All of the entries must be reproduced exactly, with no images carried over.

(Stored entries)
--------------------------------------------------
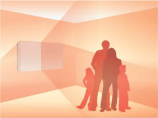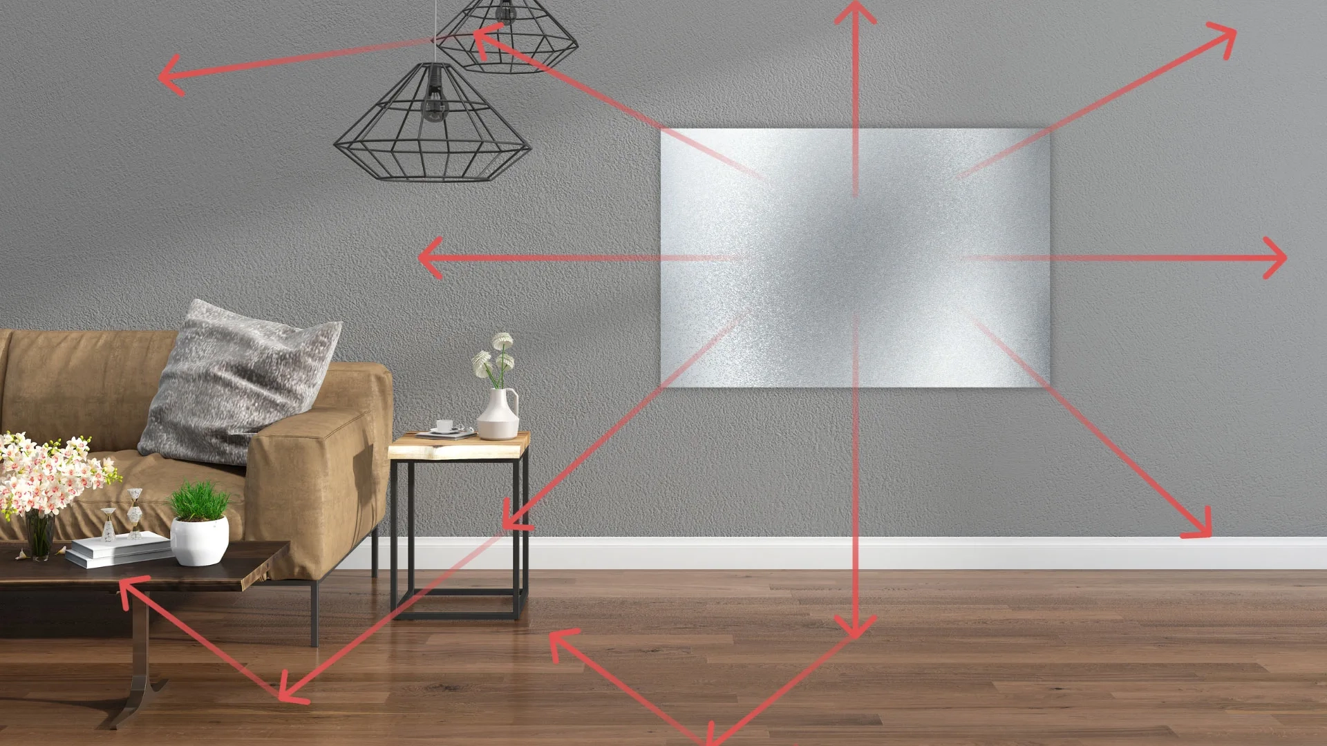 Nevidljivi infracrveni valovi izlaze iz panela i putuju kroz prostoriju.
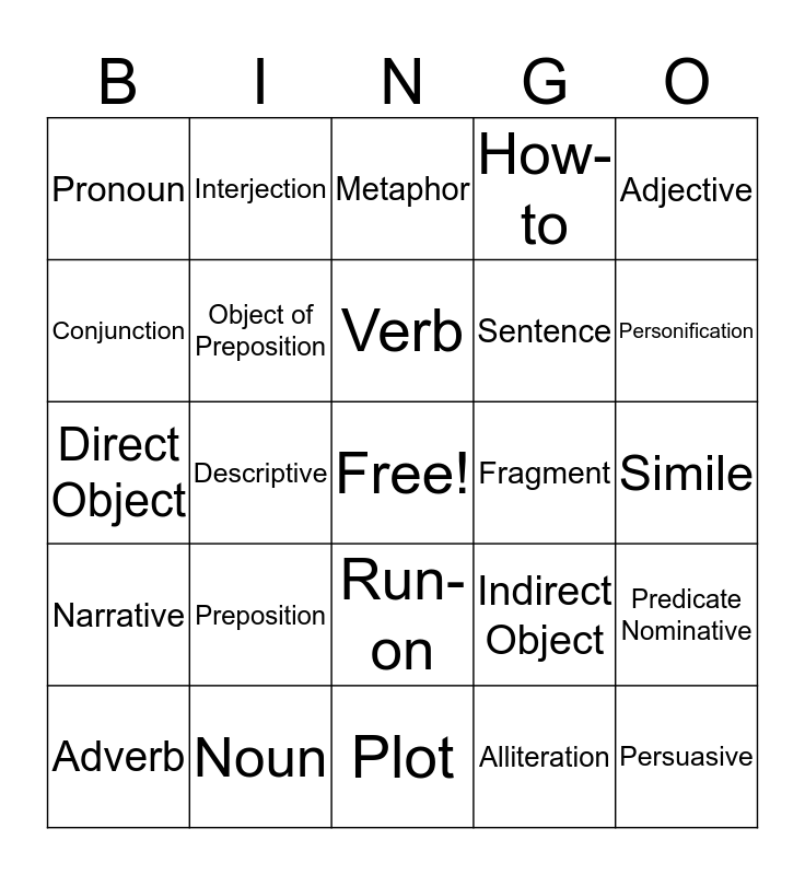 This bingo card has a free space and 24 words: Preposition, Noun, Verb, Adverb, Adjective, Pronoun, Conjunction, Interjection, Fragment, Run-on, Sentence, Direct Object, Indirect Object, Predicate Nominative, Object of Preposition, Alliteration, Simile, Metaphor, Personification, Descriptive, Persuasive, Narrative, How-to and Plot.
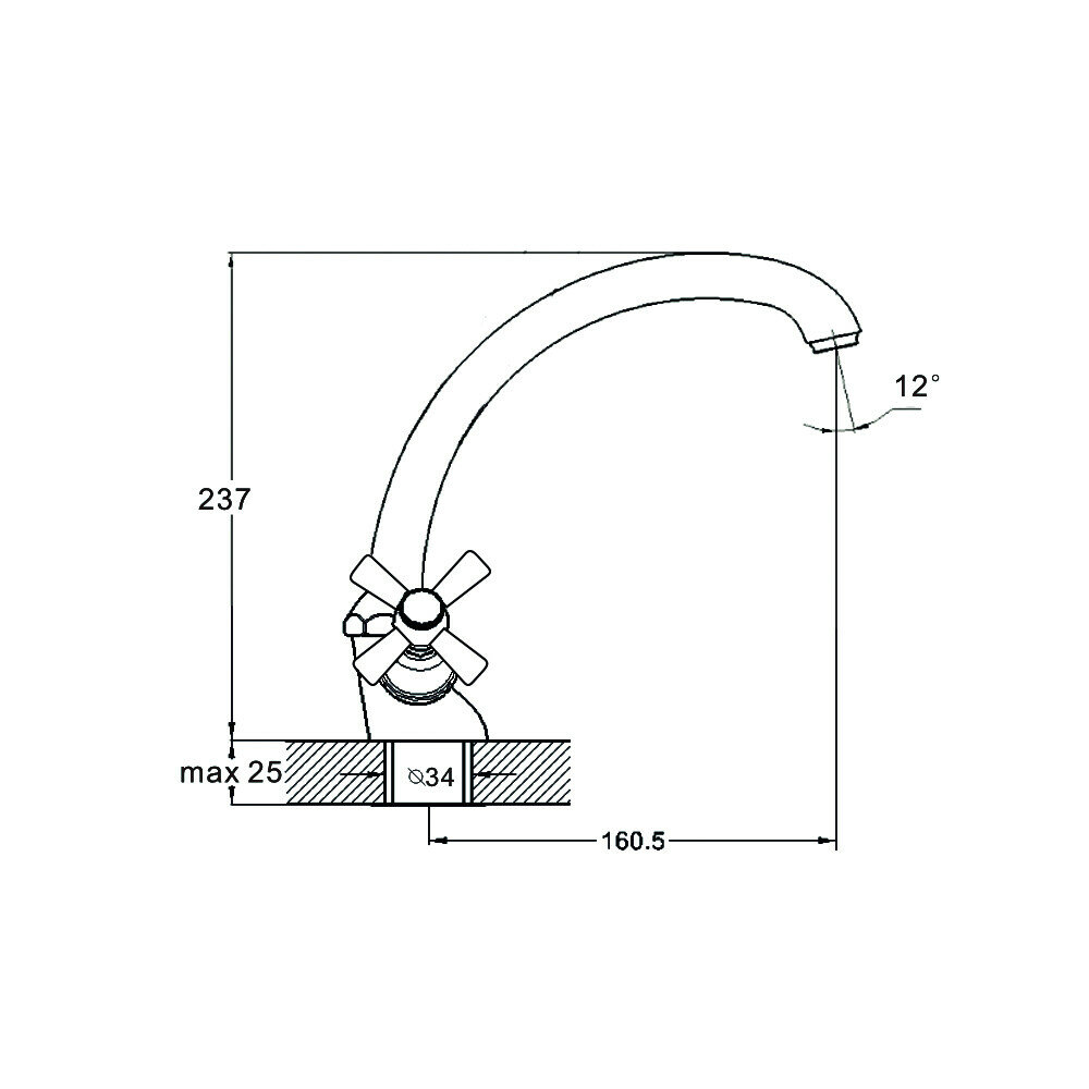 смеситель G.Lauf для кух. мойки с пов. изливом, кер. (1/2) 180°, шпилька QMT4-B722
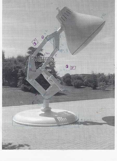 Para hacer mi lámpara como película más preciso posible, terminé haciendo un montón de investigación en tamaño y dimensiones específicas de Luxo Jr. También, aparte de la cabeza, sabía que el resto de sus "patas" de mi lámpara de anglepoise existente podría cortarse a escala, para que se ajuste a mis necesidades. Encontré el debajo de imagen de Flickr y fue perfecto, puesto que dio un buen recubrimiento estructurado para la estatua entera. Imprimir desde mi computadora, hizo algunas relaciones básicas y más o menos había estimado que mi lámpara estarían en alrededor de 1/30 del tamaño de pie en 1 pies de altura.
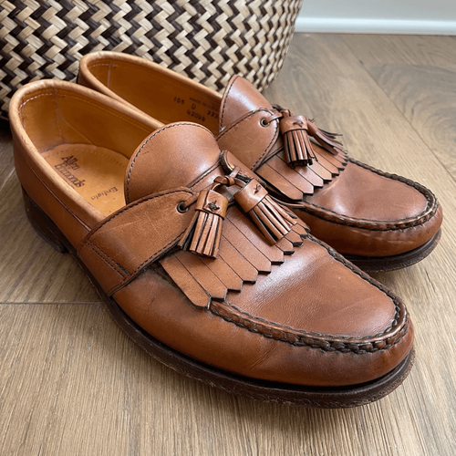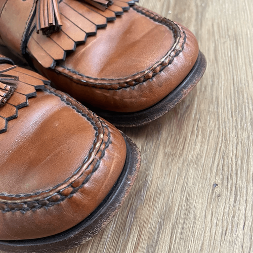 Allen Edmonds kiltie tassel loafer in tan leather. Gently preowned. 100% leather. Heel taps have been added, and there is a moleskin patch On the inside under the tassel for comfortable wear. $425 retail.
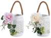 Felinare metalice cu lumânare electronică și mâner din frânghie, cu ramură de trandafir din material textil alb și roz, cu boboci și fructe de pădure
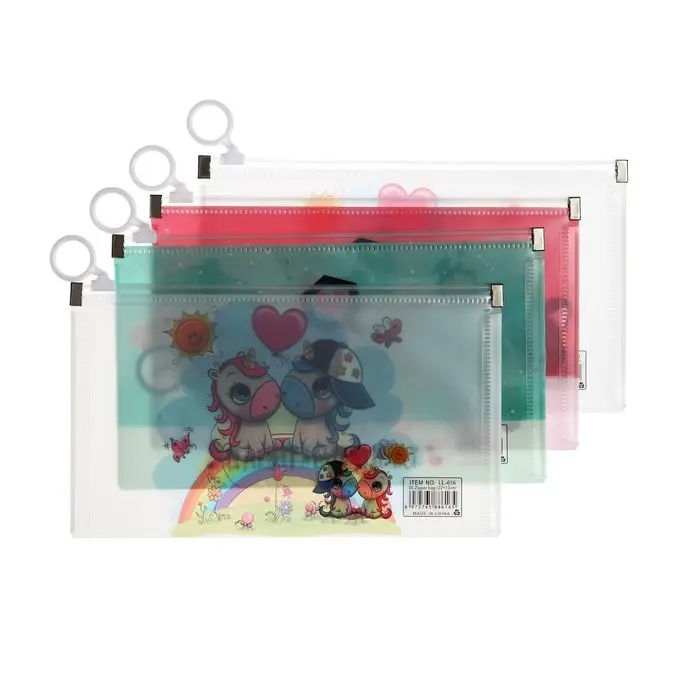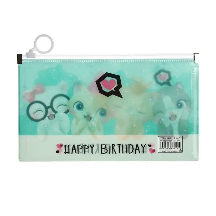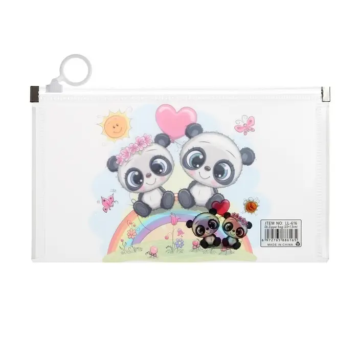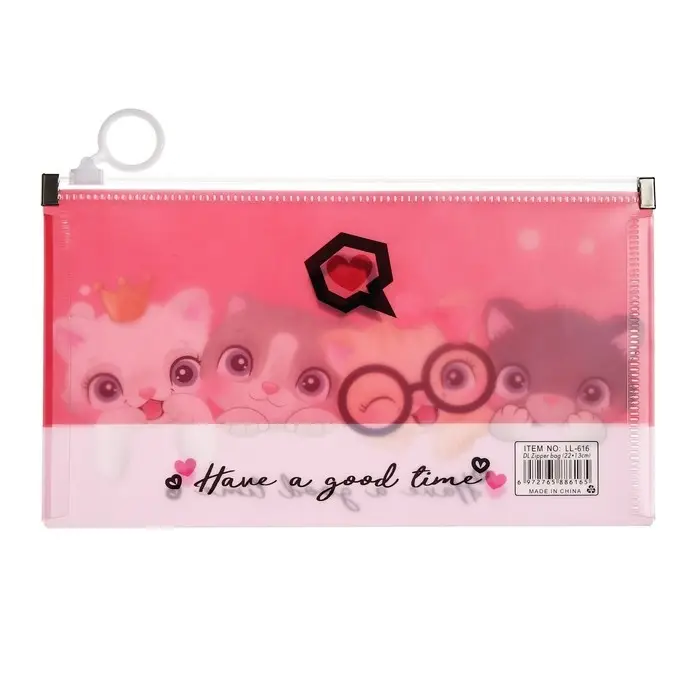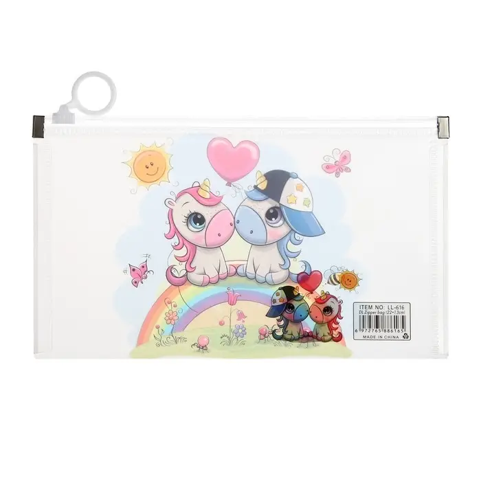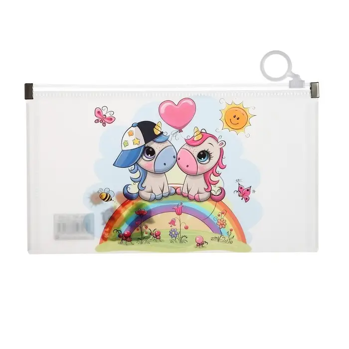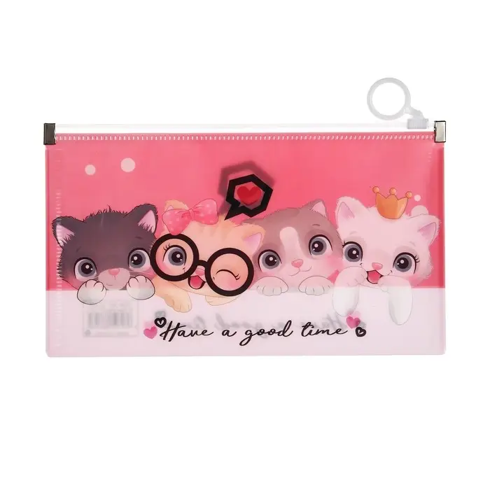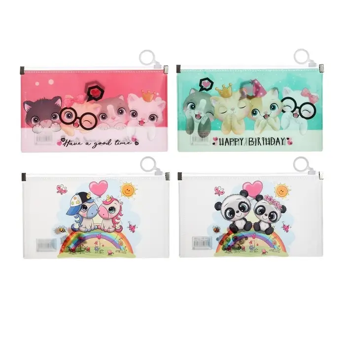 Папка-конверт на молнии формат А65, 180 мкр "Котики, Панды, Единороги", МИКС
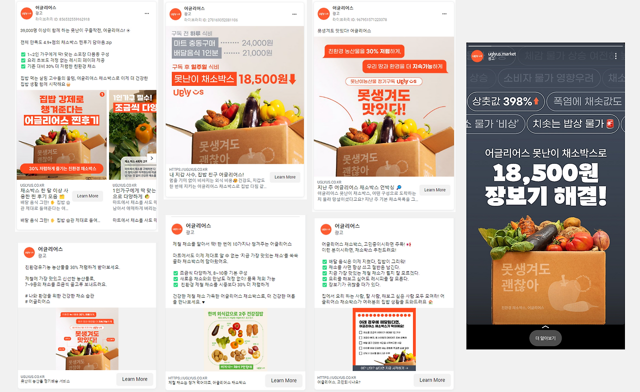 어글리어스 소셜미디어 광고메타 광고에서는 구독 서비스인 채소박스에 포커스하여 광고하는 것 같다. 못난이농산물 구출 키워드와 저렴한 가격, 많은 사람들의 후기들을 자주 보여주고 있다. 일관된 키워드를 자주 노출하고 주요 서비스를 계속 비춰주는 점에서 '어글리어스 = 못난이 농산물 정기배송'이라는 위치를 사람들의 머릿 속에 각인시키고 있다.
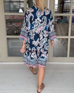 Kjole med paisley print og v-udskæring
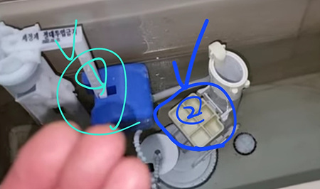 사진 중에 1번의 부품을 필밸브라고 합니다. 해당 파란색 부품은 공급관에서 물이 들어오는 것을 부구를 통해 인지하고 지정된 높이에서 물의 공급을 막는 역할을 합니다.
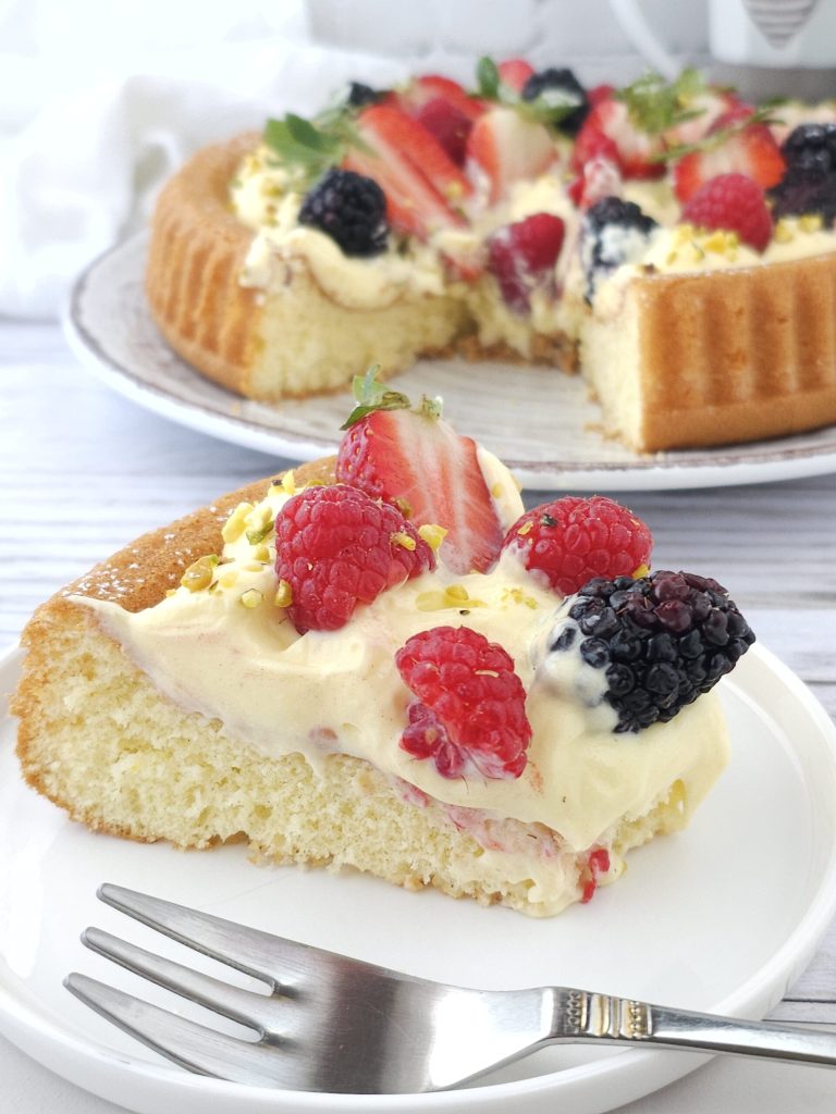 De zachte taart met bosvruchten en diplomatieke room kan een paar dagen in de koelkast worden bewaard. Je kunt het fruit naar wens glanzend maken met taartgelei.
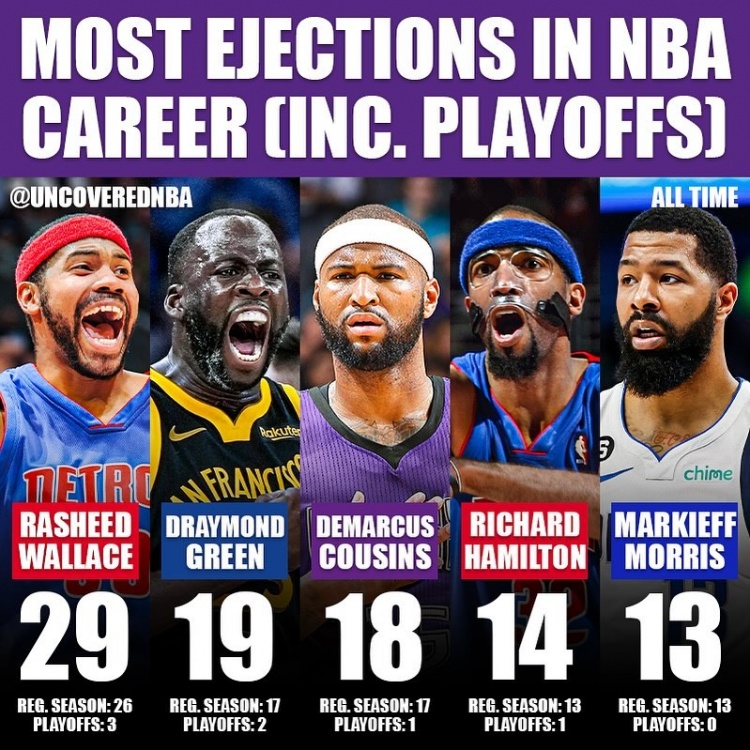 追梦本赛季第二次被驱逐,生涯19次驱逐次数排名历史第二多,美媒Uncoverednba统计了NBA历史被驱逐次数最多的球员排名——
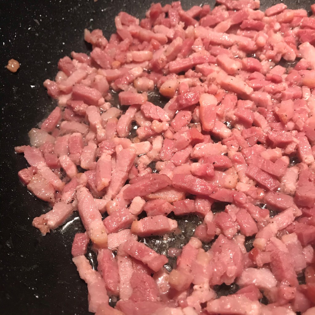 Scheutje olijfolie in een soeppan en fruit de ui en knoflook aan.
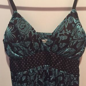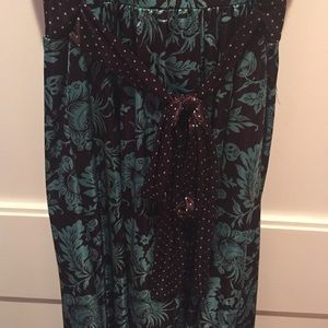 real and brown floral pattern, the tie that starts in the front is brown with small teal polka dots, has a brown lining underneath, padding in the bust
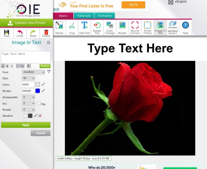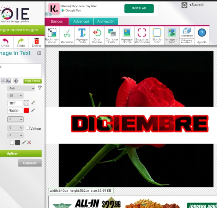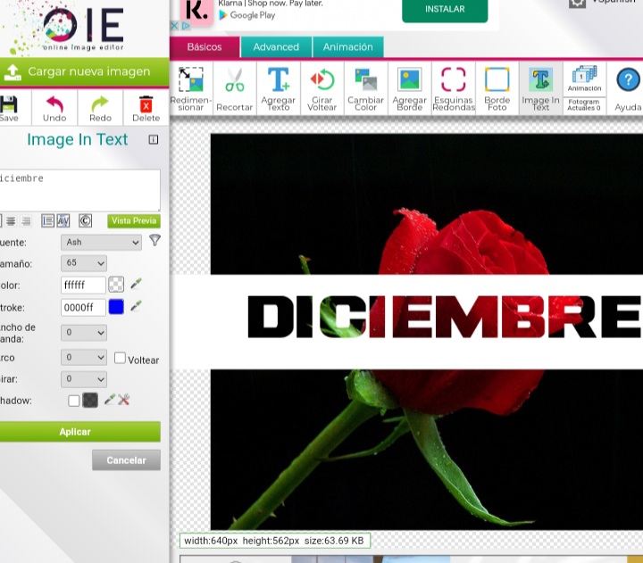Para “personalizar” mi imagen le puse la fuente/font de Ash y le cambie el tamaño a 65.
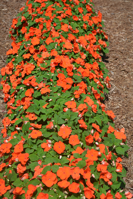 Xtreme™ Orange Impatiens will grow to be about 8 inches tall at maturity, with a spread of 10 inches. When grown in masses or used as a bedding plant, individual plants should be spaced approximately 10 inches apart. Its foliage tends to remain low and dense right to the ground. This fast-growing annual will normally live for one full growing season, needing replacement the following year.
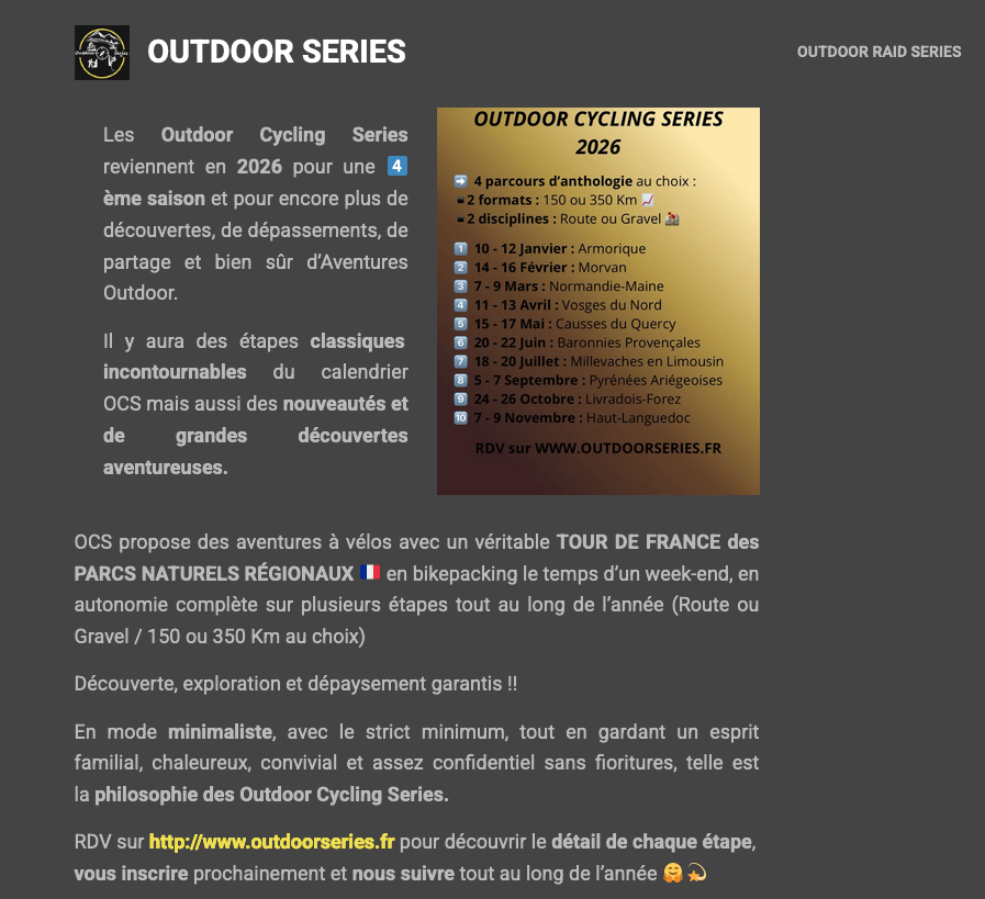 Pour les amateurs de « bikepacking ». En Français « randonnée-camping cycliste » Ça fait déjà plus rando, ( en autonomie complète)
--------------------------------------------------
**SOLUTION FOR THIS EXERCISE**.
 Nevidljivi infracrveni valovi izlaze iz panela i putuju kroz prostoriju.
 This bingo card has a free space and 24 words: Preposition, Noun, Verb, Adverb, Adjective, Pronoun, Conjunction, Interjection, Fragment, Run-on, Sentence, Direct Object, Indirect Object, Predicate Nominative, Object of Preposition, Alliteration, Simile, Metaphor, Personification, Descriptive, Persuasive, Narrative, How-to and Plot.
 смеситель G.Lauf для кух. мойки с пов. изливом, кер. (1/2) 180°, шпилька QMT4-B722
 Para hacer mi lámpara como película más preciso posible, terminé haciendo un montón de investigación en tamaño y dimensiones específicas de Luxo Jr. También, aparte de la cabeza, sabía que el resto de sus "patas" de mi lámpara de anglepoise existente podría cortarse a escala, para que se ajuste a mis necesidades. Encontré el debajo de imagen de Flickr y fue perfecto, puesto que dio un buen recubrimiento estructurado para la estatua entera. Imprimir desde mi computadora, hizo algunas relaciones básicas y más o menos había estimado que mi lámpara estarían en alrededor de 1/30 del tamaño de pie en 1 pies de altura.
 Allen Edmonds kiltie tassel loafer in tan leather. Gently preowned. 100% leather. Heel taps have been added, and there is a moleskin patch On the inside under the tassel for comfortable wear. $425 retail.
 Felinare metalice cu lumânare electronică și mâner din frânghie, cu ramură de trandafir din material textil alb și roz, cu boboci și fructe de pădure
 Папка-конверт на молнии формат А65, 180 мкр "Котики, Панды, Единороги", МИКС
 어글리어스 소셜미디어 광고메타 광고에서는 구독 서비스인 채소박스에 포커스하여 광고하는 것 같다. 못난이농산물 구출 키워드와 저렴한 가격, 많은 사람들의 후기들을 자주 보여주고 있다. 일관된 키워드를 자주 노출하고 주요 서비스를 계속 비춰주는 점에서 '어글리어스 = 못난이 농산물 정기배송'이라는 위치를 사람들의 머릿 속에 각인시키고 있다.
 Kjole med paisley print og v-udskæring
 사진 중에 1번의 부품을 필밸브라고 합니다. 해당 파란색 부품은 공급관에서 물이 들어오는 것을 부구를 통해 인지하고 지정된 높이에서 물의 공급을 막는 역할을 합니다.
 De zachte taart met bosvruchten en diplomatieke room kan een paar dagen in de koelkast worden bewaard. Je kunt het fruit naar wens glanzend maken met taartgelei.
 追梦本赛季第二次被驱逐,生涯19次驱逐次数排名历史第二多,美媒Uncoverednba统计了NBA历史被驱逐次数最多的球员排名——
 Scheutje olijfolie in een soeppan en fruit de ui en knoflook aan.
 real and brown floral pattern, the tie that starts in the front is brown with small teal polka dots, has a brown lining underneath, padding in the bust
Para “personalizar” mi imagen le puse la fuente/font de Ash y le cambie el tamaño a 65.
 Xtreme™ Orange Impatiens will grow to be about 8 inches tall at maturity, with a spread of 10 inches. When grown in masses or used as a bedding plant, individual plants should be spaced approximately 10 inches apart. Its foliage tends to remain low and dense right to the ground. This fast-growing annual will normally live for one full growing season, needing replacement the following year.
 Pour les amateurs de « bikepacking ». En Français « randonnée-camping cycliste » Ça fait déjà plus rando, ( en autonomie complète)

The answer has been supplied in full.